John Howell wrote:
At 11:29 AM +0200 9/4/05, Johannes Gebauer wrote:


Furthermore I'd like to add: there are special copyrights in Europe for publishing previously unpublished music. Even if a piece was composed 500 years ago a publisher can claim the "publication rights" which will, as far as I understand, give him the sole right for publication, and indeed performance (this is usually regulated through a special agency, where standard rates apply for performance).


There is something similar under U.S. law, although I've never read a clear explanation of it.

There is also the matter of private ownership of unique objects, which normally applies to works of graphic or plastic art but may also apply to musical unica. This has nothing to do with copyright per se, but strictly involves the right of the owner to grant or forbid access to the objects. In the case of music, then, while the music on the page may properly be in the public domain, the page itself is privately owned. My understanding is that this is the case with some (much?) of the music of Fanny Mendelssohn Henzle, which is owned and therefore controlled by a single individual in unique copies which he will not make available to scholars, let alone publishers. Under the special provisions Johannes cites above, if he were to publish them he would presumably control their copyrights for ... hmm, how long, I wonder?

John



What I understand of the US law is that it is very much like what Johannes describes -- a person owning a manuscript which has never before been published, even though the author may be long dead and way past any copyright which may have existed in such a work, has the right to full copyright of that work, as if it were a work copyrighted by a company.
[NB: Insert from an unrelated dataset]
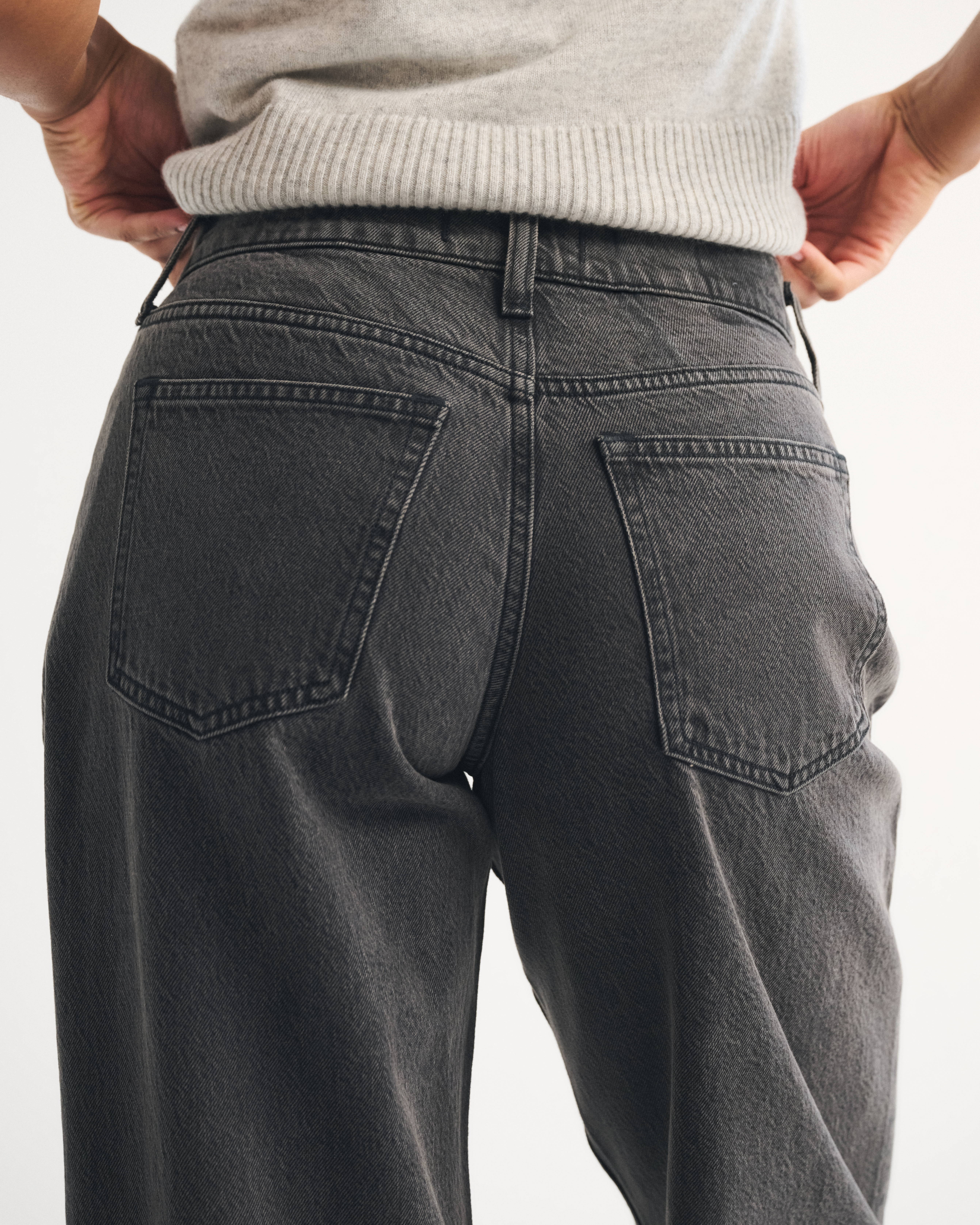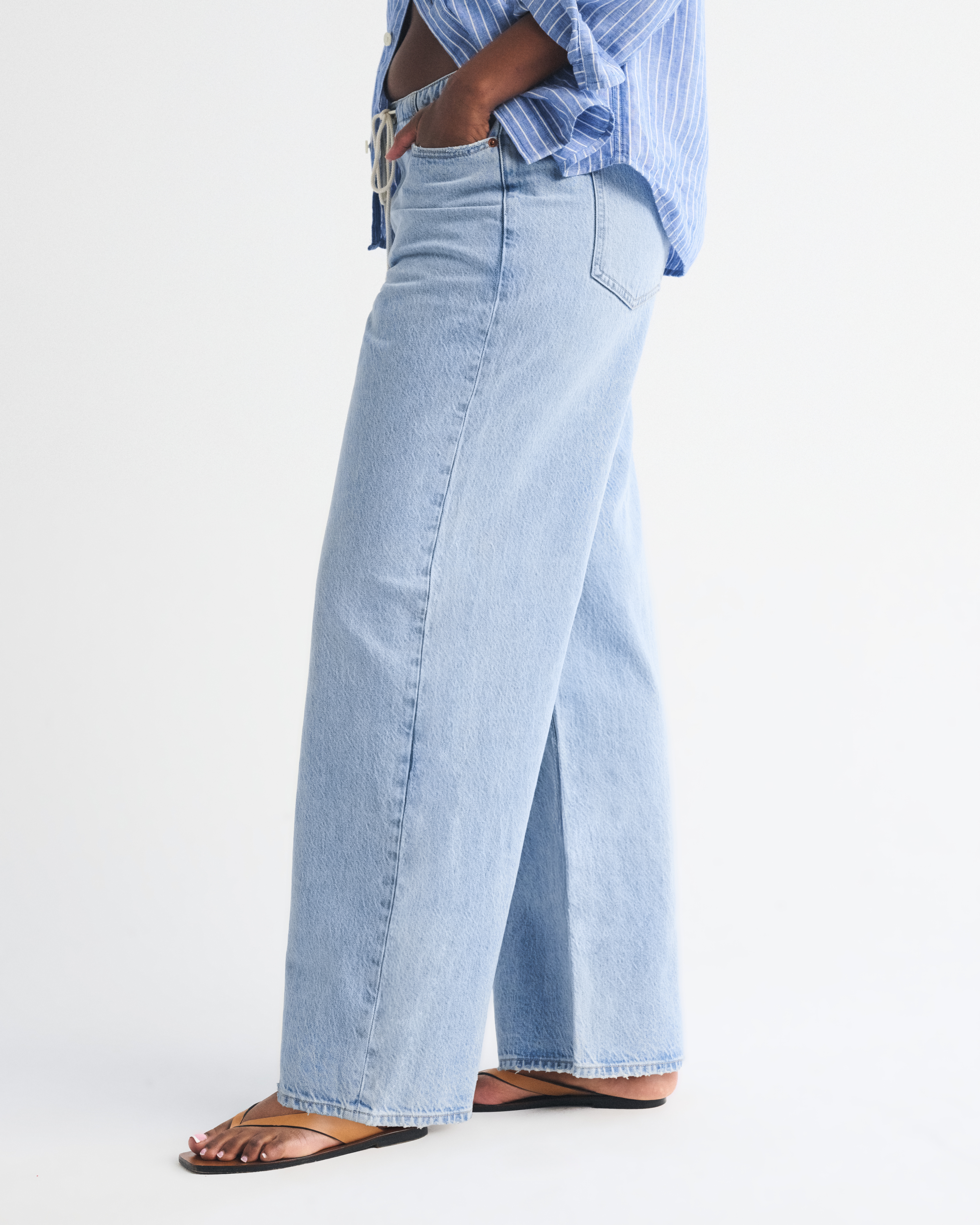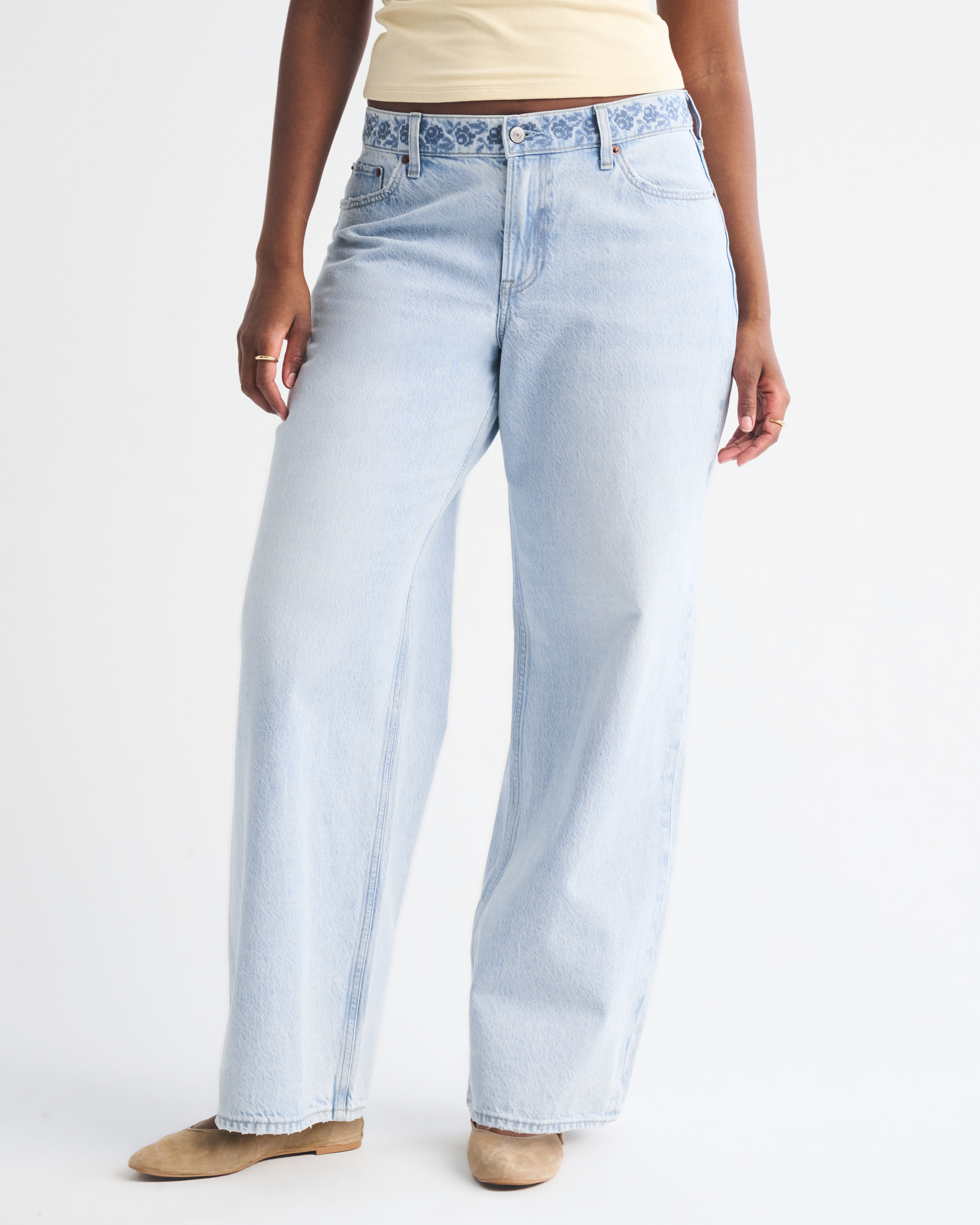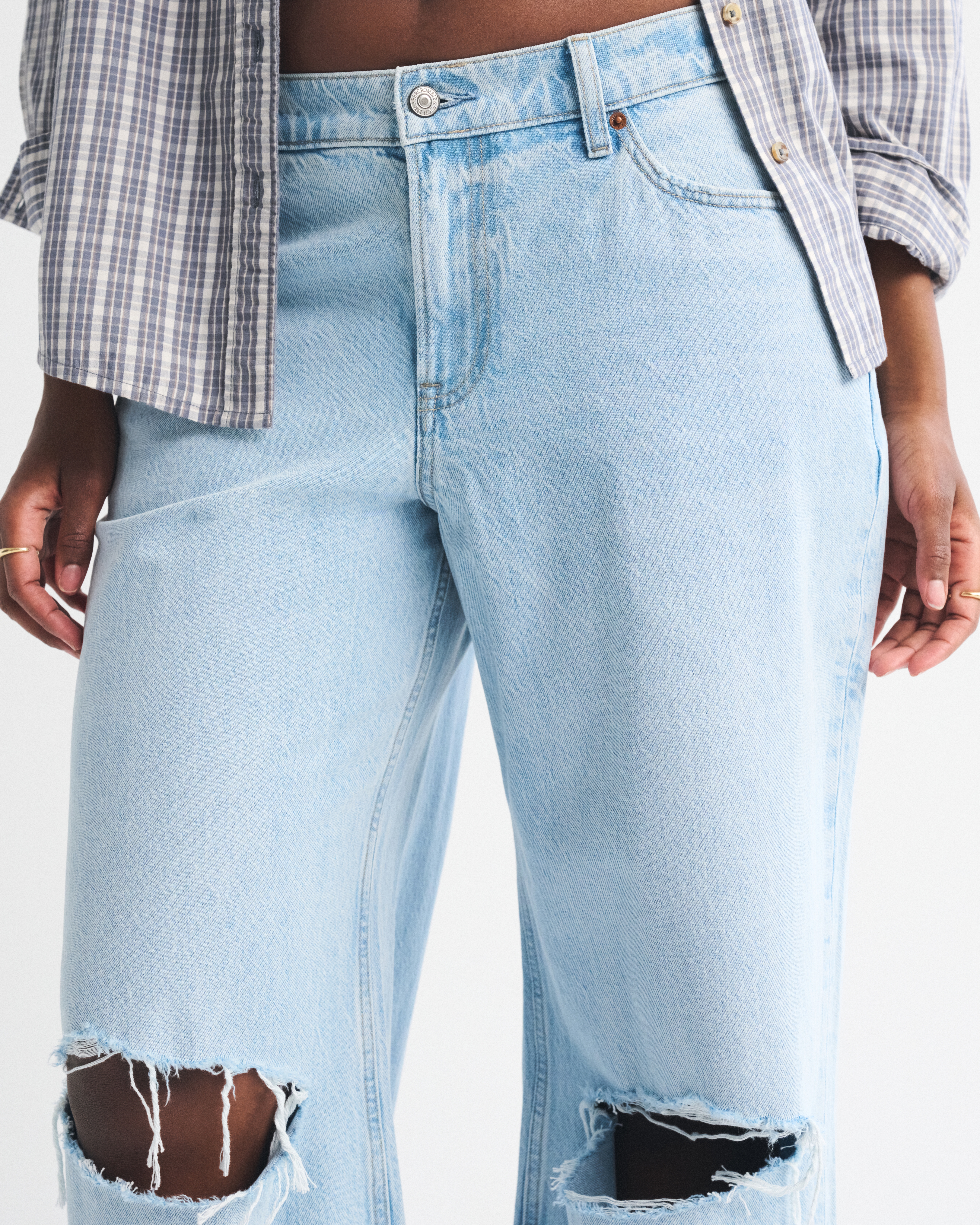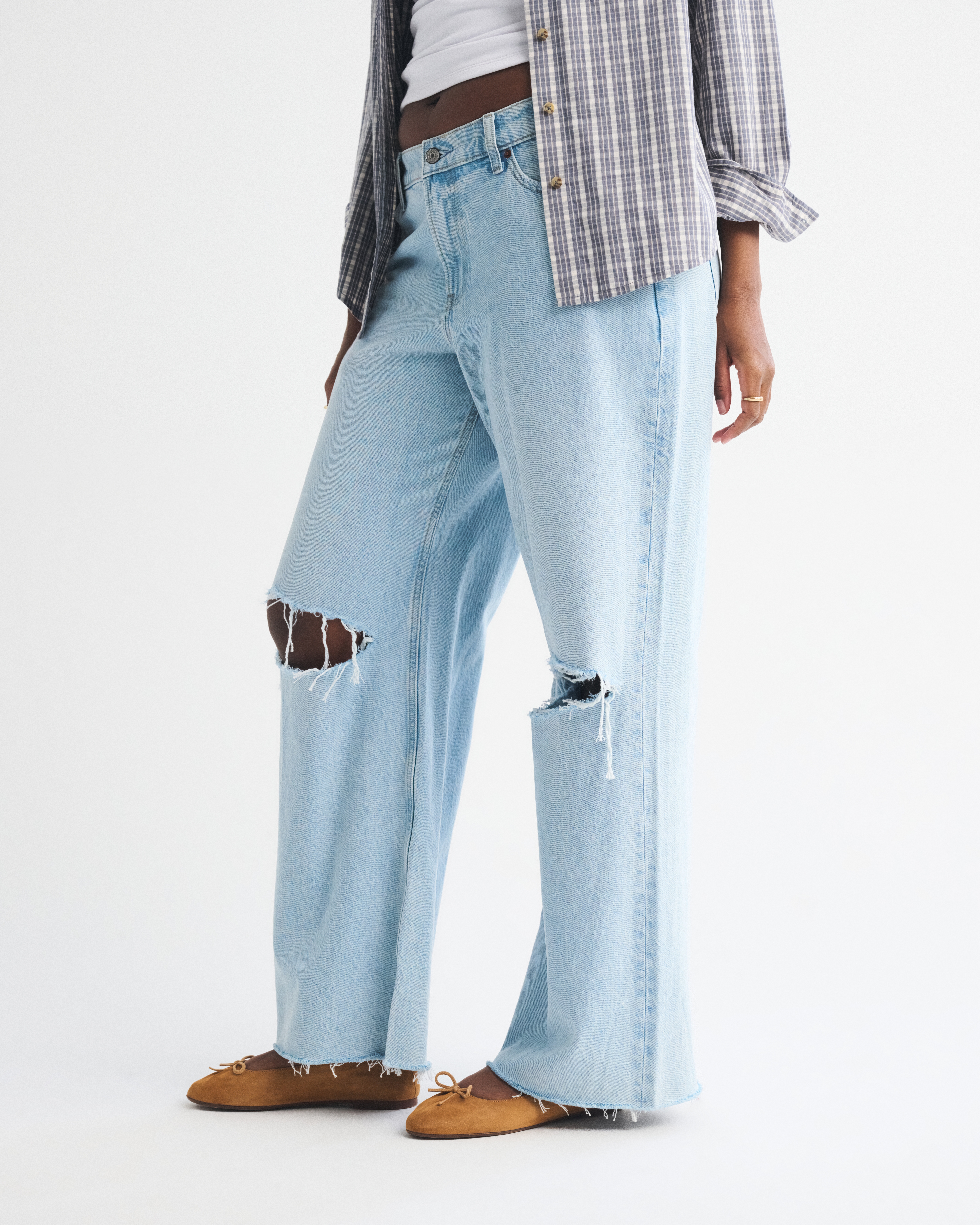 Our Curve Love ultra loose jeans in a dark wash with a cuffed hem. This fit features a low rise, is relaxed at the waist and hips and eases at the thigh into an ultra loose leg shape with a full-length inseam. We recommend buying your true size for a baggier fit. Size down for a closer fit. The viral fit that eliminates waist gap: Curve Love features additional room through the hip and thigh for curve-hugging comfort. This jean is made from our Drapey Rigid denim, a super soft authentic cotton fabric with no stretch. Imported.

In other words, a single 90 year term, rather than life-plus-70, since the author is already dead.

But the work must never before have been published, which may well be difficult to prove. How can one prove a negative? I guess the only way a person could prove that it HAD been previously published would be to produce a copy of the previous publication, or at the very least a catalog listing it for sale, or an old library catalog showing that the work had been in its inventory at some point.

And the ownership of the original of the work being published would have to be clearly established, just as in the case Johannes pointed to where two different singakademies were arguing that each owned the original.